Johann’s eyes are molten grey steel. His whole body flexes as he steps towards me, pauses, mutters some admonishment to himself, then joins the others crowding about Elisandro. I just loll around on the carpet, winded, checking that my jaw still works.

Elisandro clutches his throat and croaks as Ellie cradles him from behind.

This transient physical pain feels secondary to my mental anguish.

The push and pull.

Science sweeps in to provide a crutch, just as it has since I was five years old. I’m reminded, with as much impact as Elisandro’s fist, that this experiment actually isn’t good fun. Neither is my determination to expose them for making the video.

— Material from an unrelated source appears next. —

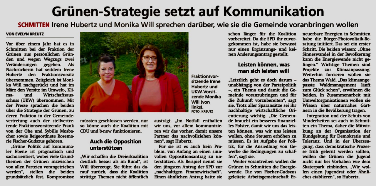 Schmitten. „Das Thema Waldbewirtschaftung wieder in die Beratung durch die Gemeindevertretung zu bringen, zeigt Früchte“, freut sich Annett Fomin-Fischer, Fraktionsvorsitzende der b-now über das Ergebnis des vergangenen UKW-Ausschuss (Umwelt-, Klima- und Wirtschaftsausschuss). Zur Erinnerung: jahrelang wurde das Thema ausschließlich im Gemeindevorstand und damit ohne Einflussnahme durch die Gemeindevertretung behandelt.

All of this is tearing me apart.

The firestorm of fear and rage at the back of my throat engulfs the room. ‘You think I don’t know this is all total bullshit? You really think I’ve been going along with this
utter crap
?’

Our astonishment after seeing Mimi invests this war of words with an electrical charge. Forked lightning flashes out of me as I accuse the Paranormals of rigging the whole Mimi Experiment. They deliberately alienated Professor Spence, I say, because they knew he’d see right through the artifice when the table started moving. Probably because he and his own bunch of fakers had employed the same tricks in the seventies. So they’d wanted him on board at the start for the PR cachet, then just blanked him till he walked.

Astral’s face turns purple as he tries to bellow me into submission, while Lisa-Jane screeches that I’m ‘a paranoid coke-head prick’, but I just keep repeating myself until the full force of my disgusted bile sinks into their dumb heads.

‘And I know full fucking well,’ I tell them, my forefinger a jabbing gun, throat sore from shouting, ‘that you stupid shits made the YouTube video. And now it’s all going to blow up in your faces.’

Bex stirs a straw around in her new pina, making the little umbrella fall out.

‘Oh dear,’ she says. ‘So much for the whole stealthy-playing-along thing.’

‘Yeah,’ I say, tonguing a cracked tooth. ‘That’s gone for good.’

‘So all this stuff happened this afternoon? What did they say when you accused them of making the video?’

‘Oh, there was a whole load of shouting and big eyes and American stuff, until we all got tired of fighting. So we shifted to this other meeting room – one without a table – and made a circle with our chairs, talking it out like adults.’

She’s getting impatient. ‘And the outcome?’

Despite my nagging need for coke, I’m unable to suppress a smirk. ‘I pissed them off even more.’

‘You’d better be kidding,’ says Johann. The others, even Pascal, are equally aghast.

‘I’m serious,’ I say. ‘Either we relocate the whole experiment, or I’m out. I won’t even include this farce in the book. And you’ll have to sell your arses on Hollywood Boulevard to fund the rest.’

Howie scowls at my ignorance. ‘
Hollywood Boulevard
. You mean Sepulveda.’ He then looks relieved when Lisa-Jane breaks the silence.

‘How exactly do you think we achieved the illusion of a floating fucking head today, Jack? I’m so psyched to hear this.’

I shrug. ‘Who knows what your fancy gadgets do?’

‘I’d be happy to talk you through it again,’ says Pascal. Even my favourite Paranormal’s gone all passive-aggressive.